▶ Required work:
The entries are to be returned exactly, with images left out.

(Records from a data collection)

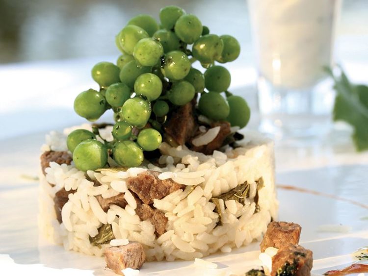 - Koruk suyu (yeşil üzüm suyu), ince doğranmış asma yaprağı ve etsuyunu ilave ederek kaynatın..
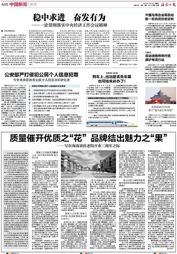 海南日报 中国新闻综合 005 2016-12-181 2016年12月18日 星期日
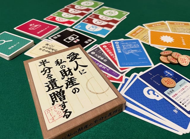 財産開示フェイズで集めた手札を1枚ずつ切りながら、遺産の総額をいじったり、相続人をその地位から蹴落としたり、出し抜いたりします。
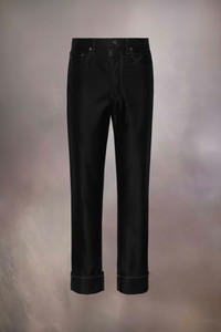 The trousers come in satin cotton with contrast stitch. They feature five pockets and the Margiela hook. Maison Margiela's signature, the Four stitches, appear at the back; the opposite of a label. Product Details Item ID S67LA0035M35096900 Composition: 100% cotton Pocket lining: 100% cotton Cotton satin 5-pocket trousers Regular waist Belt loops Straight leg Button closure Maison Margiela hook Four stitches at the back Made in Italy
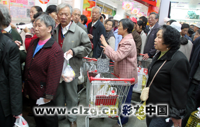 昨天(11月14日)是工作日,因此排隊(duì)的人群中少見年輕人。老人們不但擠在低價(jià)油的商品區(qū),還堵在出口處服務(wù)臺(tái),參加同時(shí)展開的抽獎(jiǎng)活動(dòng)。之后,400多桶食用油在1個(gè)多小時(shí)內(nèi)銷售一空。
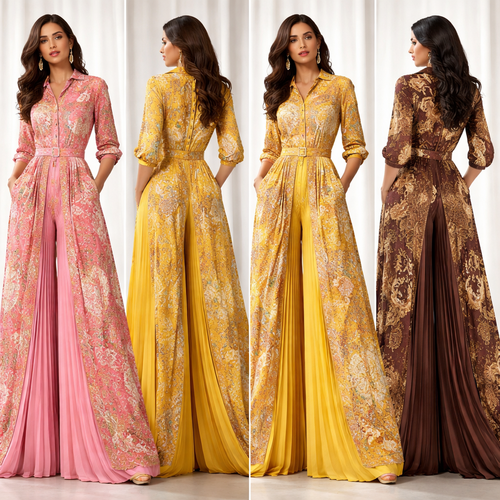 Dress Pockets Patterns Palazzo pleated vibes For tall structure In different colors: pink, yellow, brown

▶ Response to the task:
 - Koruk suyu (yeşil üzüm suyu), ince doğranmış asma yaprağı ve etsuyunu ilave ederek kaynatın..
 海南日报 中国新闻综合 005 2016-12-181 2016年12月18日 星期日
 財産開示フェイズで集めた手札を1枚ずつ切りながら、遺産の総額をいじったり、相続人をその地位から蹴落としたり、出し抜いたりします。
 The trousers come in satin cotton with contrast stitch. They feature five pockets and the Margiela hook. Maison Margiela's signature, the Four stitches, appear at the back; the opposite of a label. Product Details Item ID S67LA0035M35096900 Composition: 100% cotton Pocket lining: 100% cotton Cotton satin 5-pocket trousers Regular waist Belt loops Straight leg Button closure Maison Margiela hook Four stitches at the back Made in Italy
 昨天(11月14日)是工作日,因此排隊(duì)的人群中少見年輕人。老人們不但擠在低價(jià)油的商品區(qū),還堵在出口處服務(wù)臺(tái),參加同時(shí)展開的抽獎(jiǎng)活動(dòng)。之后,400多桶食用油在1個(gè)多小時(shí)內(nèi)銷售一空。
 Dress Pockets Patterns Palazzo pleated vibes For tall structure In different colors: pink, yellow, brown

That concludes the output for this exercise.